Happy Hump Day
Yeah, I know it's the second Wednesday of the year but last Tuesday was a holiday so the Wednesday doesn't qualify as a hump day.
I was actually trying to put this post up last night but silly Blogger wouldn't let me upload any pictures (it does that sometimes) and I have some good ones for you, so I waited until this morning.
Okay, here are your Hump Day funnies.
Reminds me of my sons when they were young.
I think the caption for this one should be, "Don't tell Mom."
With a few minor adjustments, this works for dogs, too. At least my dogs.
Oh, we're back to my sons again. And my dogs.
Gotta love that expression.
For your Hump Day "aw" I couldn't decide between the next two, so I'm including them both.
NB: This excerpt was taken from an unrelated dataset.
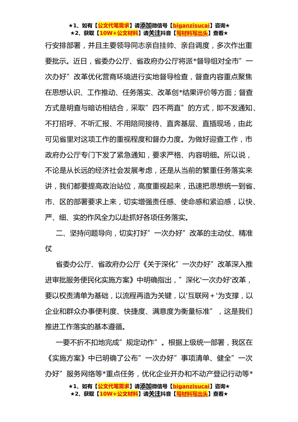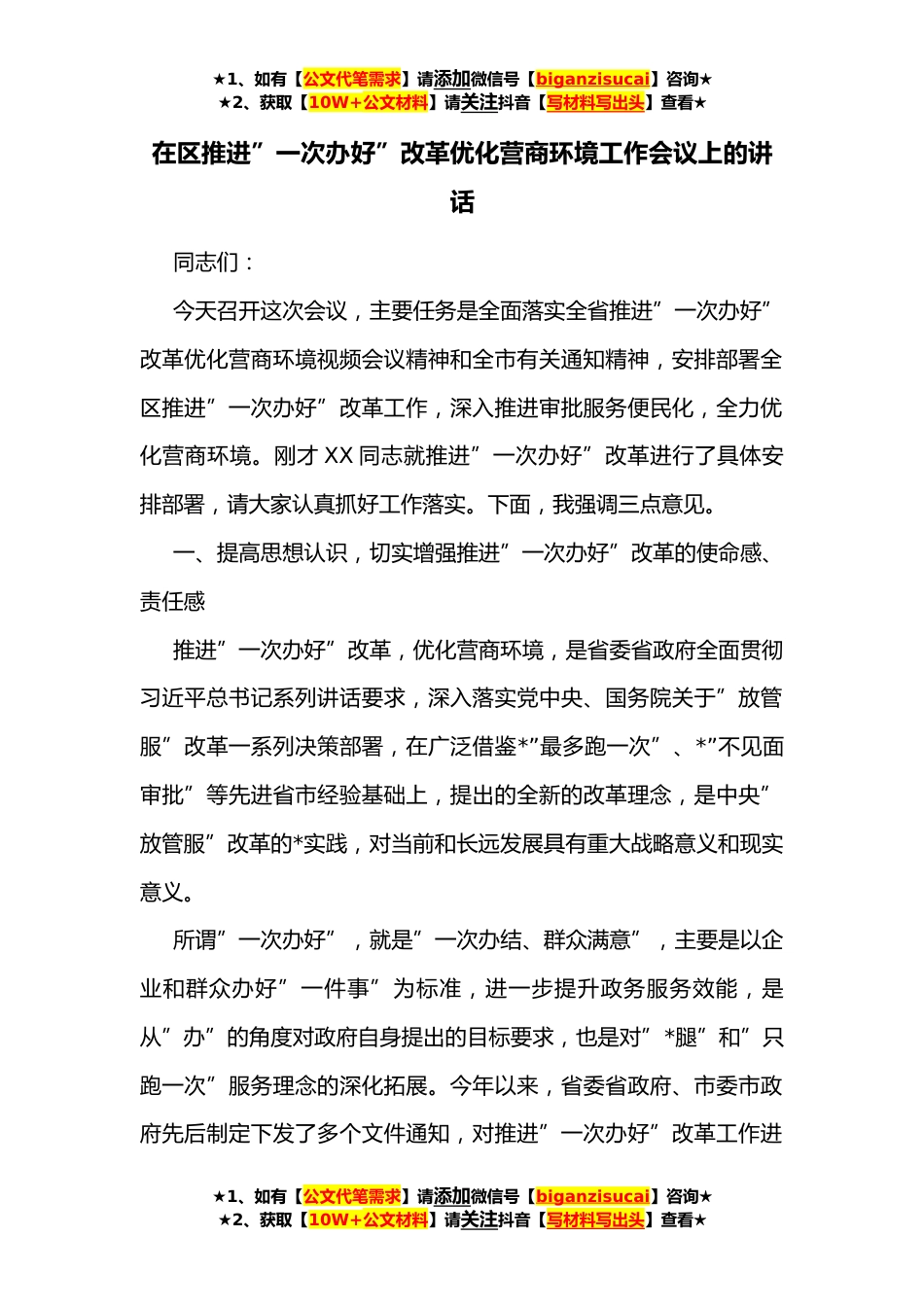 ★1、如有【公文代笔需求】请添加微信号【biganzisucai】咨询★★2、获取【10W+公文材料】请关注抖音【写材料写出头】查看★在区推进”一次办好”改革优化营商环境工作会议上的讲话同志们:今天召开这次会议,主要任务是全面落实全省推进”一次办好”改革优化营商环境视频会议精神和全市有关通知精神,安排部署全区推进”一次办好”改革工作,深入推进审批服务便民化,全力优化营商环境。刚才XX同志就推进”一次办好”改革进行了具体安排部署,请大家认真抓好工作落实。下面,我强调三点意见。一、提高思想认识,切实增强推进”一次办好”改革的使命感、责任感推进”一次办好”改革,优化营商环境,是省委省政府全面贯彻习近平总书记系列讲话要求,深入落实党中央、国务院关于”放管服”改革一系列决策部署,在广...

Which one works best for you?
The first one is a more traditional "aw".
Come on, you know you said it.
This one is both a funny and an "aw", but I went more "aw". Look at that face.
Don't you want to buy him a nice mocha latte.
Okay, that should do it. Hope these funnies help you over the mid-week hump and onto the downhill slope to the weekend. Did you have a favorite?
Hey, while you're here, help me out. On Friday, should I post about my further adventures with the Red Cross in New Jersey or would you like to hear about the simple Christmas present that snowballed into a very expressive techie nightmare?
Have a great day.
Questions of the Day:
Why do doctors leave the room while you change? They're going to see you naked anyway.
Can a hearse carrying a corpse drive in the carpool lane?
How important does a person have to be before they are considered assassinated instead of just murdered?
If corn oil is made from corn, and vegetable oil is made from vegetables, what is baby oil made from?